DIRECTIONS:
Starting at the line with "애니메이션 화면 흔들리는 효과임, 프리뷰는 잘만 적용되는데" and ending at the line with "The QN55S95BA features", print exactly the lines of the entries below. Pictures do not belong in the copy.

PROVIDED INFORMATION:

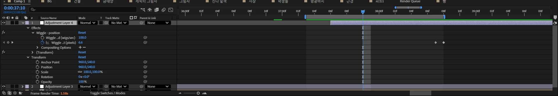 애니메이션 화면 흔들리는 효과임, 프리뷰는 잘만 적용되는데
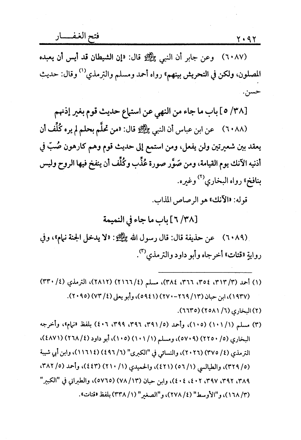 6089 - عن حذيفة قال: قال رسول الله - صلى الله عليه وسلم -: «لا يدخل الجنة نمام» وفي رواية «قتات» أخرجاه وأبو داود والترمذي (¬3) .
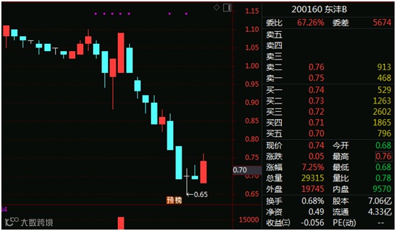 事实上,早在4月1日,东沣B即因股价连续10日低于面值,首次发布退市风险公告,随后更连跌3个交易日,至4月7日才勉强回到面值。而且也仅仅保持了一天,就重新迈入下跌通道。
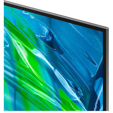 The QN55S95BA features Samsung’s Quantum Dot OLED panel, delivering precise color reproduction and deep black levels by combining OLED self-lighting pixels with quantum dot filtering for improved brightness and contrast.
==
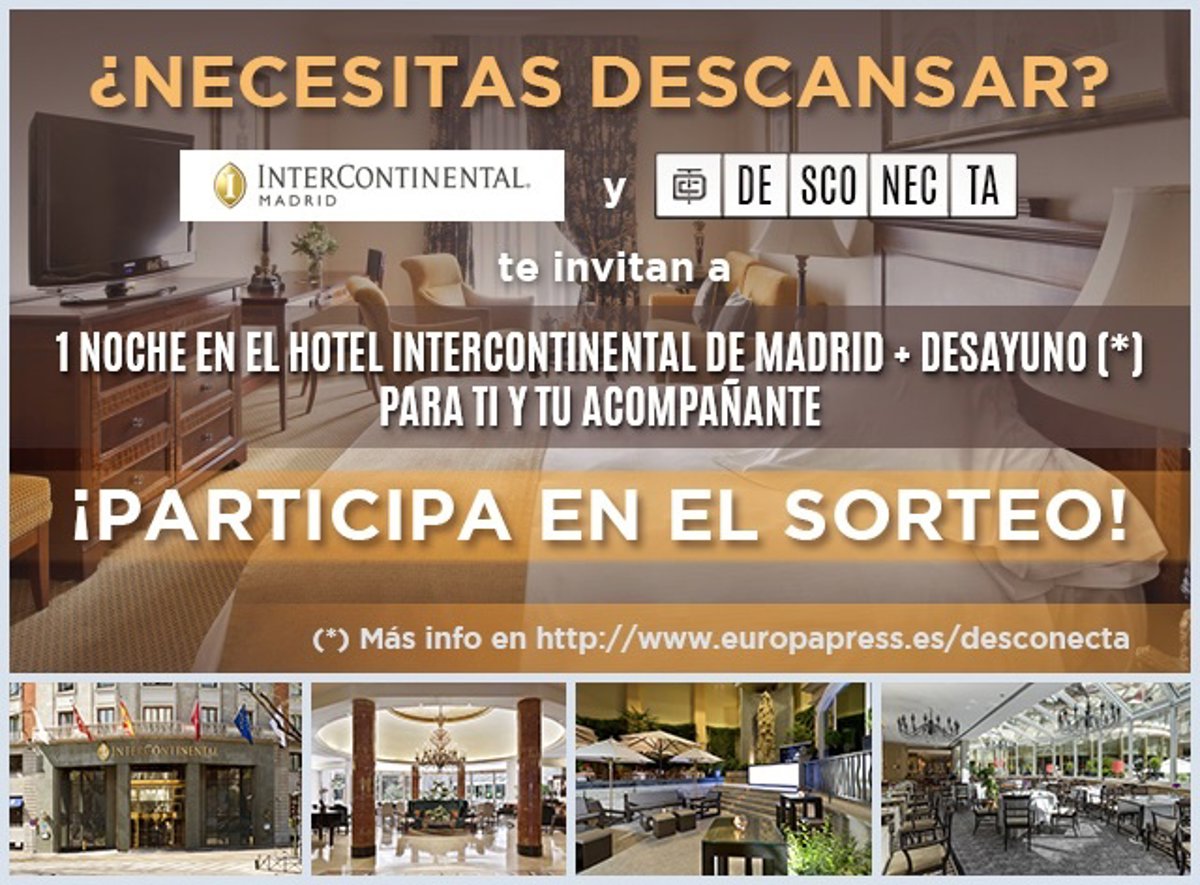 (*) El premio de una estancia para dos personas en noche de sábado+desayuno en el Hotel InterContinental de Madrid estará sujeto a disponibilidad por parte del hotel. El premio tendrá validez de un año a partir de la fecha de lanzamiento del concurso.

RESPONSE TO THIS TASK:
 애니메이션 화면 흔들리는 효과임, 프리뷰는 잘만 적용되는데
 6089 - عن حذيفة قال: قال رسول الله - صلى الله عليه وسلم -: «لا يدخل الجنة نمام» وفي رواية «قتات» أخرجاه وأبو داود والترمذي (¬3) .
 事实上,早在4月1日,东沣B即因股价连续10日低于面值,首次发布退市风险公告,随后更连跌3个交易日,至4月7日才勉强回到面值。而且也仅仅保持了一天,就重新迈入下跌通道。
 The QN55S95BA features Samsung’s Quantum Dot OLED panel, delivering precise color reproduction and deep black levels by combining OLED self-lighting pixels with quantum dot filtering for improved brightness and contrast.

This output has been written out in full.